Kreis Pinneberg

GAB darf in Fragen rund um Müll selbst entscheiden

Tonnen für Hausmüll, Bioabfälle und Altpapier stehen zur Entsorgung von Abfällen bereit (Symbolbild).

Tonnen für Hausmüll, Bioabfälle und Altpapier stehen zur Entsorgung von Abfällen bereit (Symbolbild).

Foto: Jens Wolf / dpa

Kreispolitik lehnt es mehrheitlich ab, Entsorger die Ermächtigung dazu zu entziehen. SPD-Fraktion übt Kritik an Beschluss.

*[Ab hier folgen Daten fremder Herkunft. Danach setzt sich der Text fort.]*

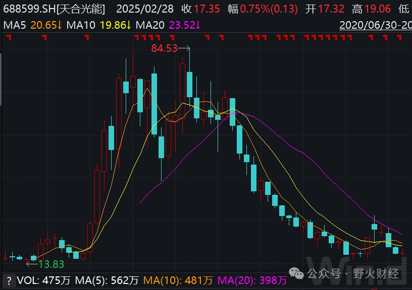 企业持续亏损,对股价肯定有影响。2022年8月,天合光能股价曾突破历史高点84元,到今年2月末,股价还剩17元左右,经历两次腰斩都不止,最新市值不到400亿元,损失大约超过1400亿元。

Kreis Pinneberg.  Die Hoheit über Entscheidungen in Fragen der Müllbeseitigung bleibt im Kreis Pinneberg bei der Gesellschaft für Abfallbehandlung (GAB). Der Kreis hatte das Unternehmen, das zur Hälfte ihm und zur Hälfte dem Entsorger Remondis gehört, 2003 dazu ermächtigt. Die SPD-Kreistagsfraktion wollte nun erreichen, dass der Kreis selbst das Heft des Handelns wieder in der Hand hat. Doch mit ihrem Antrag sind die Sozialdemokraten im Ausschuss für Umwelt, Sicherheit und Ordnung an der Stimmenmehrheit von CDU und Grünen gescheitert.

Der stellvertretende SPD-Fraktionsvorsitzende Helmut Jahnke ist enttäuscht. Er sagt: „Dadurch besteht fast keine direkte Möglichkeit, auf die Abfallpolitik im Kreis Einfluss zu nehmen.“ Deutlich geworden sei das zuletzt bei der Einführung der Gelben Tonne.

Wie berichtet, hatte die GAB an Privathaushalte zunächst ausschließlich 240 Liter große Sammelgefäße ausgeben wollen. Erst nach Protesten verärgerter Bürger gab es für eine verhältnismäßig kleine Gruppe die Möglichkeit, auch eine lediglich 120 Liter fassende Tonne zu bestellen. Die Kreispolitik hatte keine Möglichkeit, sich einzuschalten.

Dazu Jahnke: „Die GAB GmbH ist ein gewinnorientiertes Unternehmen. Ihr Interesse an einer möglichst kostengünstigen Abfallbeseitigung ist nicht immer deckungsgleich mit den Interessen des Kreises, für den auch weitere Belange von Bedeutung sein können.“ Sinnvoll wäre seinen Worten zufolge, im Sinne von Bürgerfreundlichkeit und Nachhaltigkeit anstatt einer Gelben Tonne eine sogenannte Wertstofftonne einzuführen, in die außer Verpackungsmüll noch weitere wiederverwendbare Stoffe gefüllt werden können. „Das Bundesumweltamt hat die Kommunen in Deutschland zur freiwilligen Einführung einer Wertstofftonne aufgefordert“, sagt Helmut Jahnke. „Offensichtlich liegt eine Wertstofftonne aber nicht im wirtschaftlichen Interesse der GAB GmbH.“ Die Gelbe Tonne durch eine Wertstofftonne ersetzen könne der Kreis nur, wenn er die Ermächtigung der GAB GmbH aufhebt.